Lotte sah an sich hinunter, sie trug ihre braunen Slipper, Jeans und ein rotes Sweatshirt. Das war doch normal. Dietlindes Aufzug erschien ihr viel seltsamer, sie selbst würde freiwillig nie einen alten Sack als Kleidungsstück tragen.

„Nun schreite los, wir müssen weiter!“, kommandierte Dietlinde. Zielstrebig ging sie auf ein Burgtor mit Zugbrücke zu, das Lotte völlig unbekannt vorkam. Plötzlich ertönte vor ihnen lautes Poltern, und Dietlinde riss sie zur Seite, die beiden Mädchen konnten gerade noch einer Reitergruppe ausweichen, die in die Burg hineintrabte. Es waren tatsächlich echte Ritter, mit offenem Mund staunte Lotte ihnen nach. Alle vier trugen lange, schwarze Umhänge und darunter Kettenhemden, ihre Köpfe bedeckten Metallkapuzen und an den Hüften baumelten riesige Schwerter. Es rasselte und polterte so laut, dass Lotte sich die Ohren zuhielt.

„Komm schon, wir müssen hier entschwinden, so eine wie dich haben die Herren Ritter noch nie gesehen. Ich will nicht riskieren, dass sie zurückkehren!“

„Ob es mir wohl genauso geht?“, antwortete Lotte noch immer entgeistert.
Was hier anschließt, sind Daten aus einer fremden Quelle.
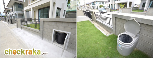 ให้ทิ้งด้านในบ้านได้เลยไม่ต้องเดินมาทิ้งนอกบ้าน ส่วนคนเก็บขยะก็สามารถเปิดประตูจากช่องกำแพงด้านนอก

„Das mag sein, aber dennoch solltest du sie nicht wie ein Wunder anstarren!“

Lotte stolperte hinter Dietlinde her. So nach und nach begann sie zu begreifen, dass sie sich in einer völlig anderen Welt befand. Hier war alles viel leiser als zu Hause, abgesehen von dem Lärm gerade auf der Zugbrücke, aber sie hörte überhaupt keine Autogeräusche, und es roch anders, irgendwie nach Natur. Sie bekam eine Gänsehaut, wenn sie daran dachte, dass sie fast sechshundertsechzig Jahre in die Vergangenheit gereist war.

Als die beiden Mädchen durch das untere Tor das Burggelände verließen, erkannte Lotte die Tränke wieder, an der gerade ein Junge einige Pferde beaufsichtigte, doch von Bad Bentheim war nichts zu sehen. Da, wo sich sonst Cafés und Gaststätten befanden und man direkt in die Stadt ging, standen Bäume und Büsche, durch die ein schmaler Fußweg hindurchführte. Die Mädchen folgten dem Weg und kamen an einem Steinbruch vorbei, in dem Männer und Jungen mit großen Hämmern und Meißeln Gesteinsbrocken aus dem Fels brachen. Die Jungen taten ihr leid, denn die Arbeit schien schwer und anstrengend zu sein.

Als sie die ersten Häuser erreichten, stieg Lotte ein fürchterlicher Gestank in die Nase. „Puh, wo sind wir denn jetzt?“ Sie hielt sich die Nase zu.

„Natürlich im Flecken Bentheim, was denkst du?“

So sah Bad Bentheim im Mittelalter aus? Lotte konnte es kaum glauben. Ein Kurort war das jedenfalls nicht, den Gestank und die Mücken konnte ja kein Mensch ertragen. Sie hüpfte hin und her und versuchte so gut es ging, die Insekten davon abzuhalten, sie zu stechen oder in ihre Ohren und Augenwinkel zu krabbeln.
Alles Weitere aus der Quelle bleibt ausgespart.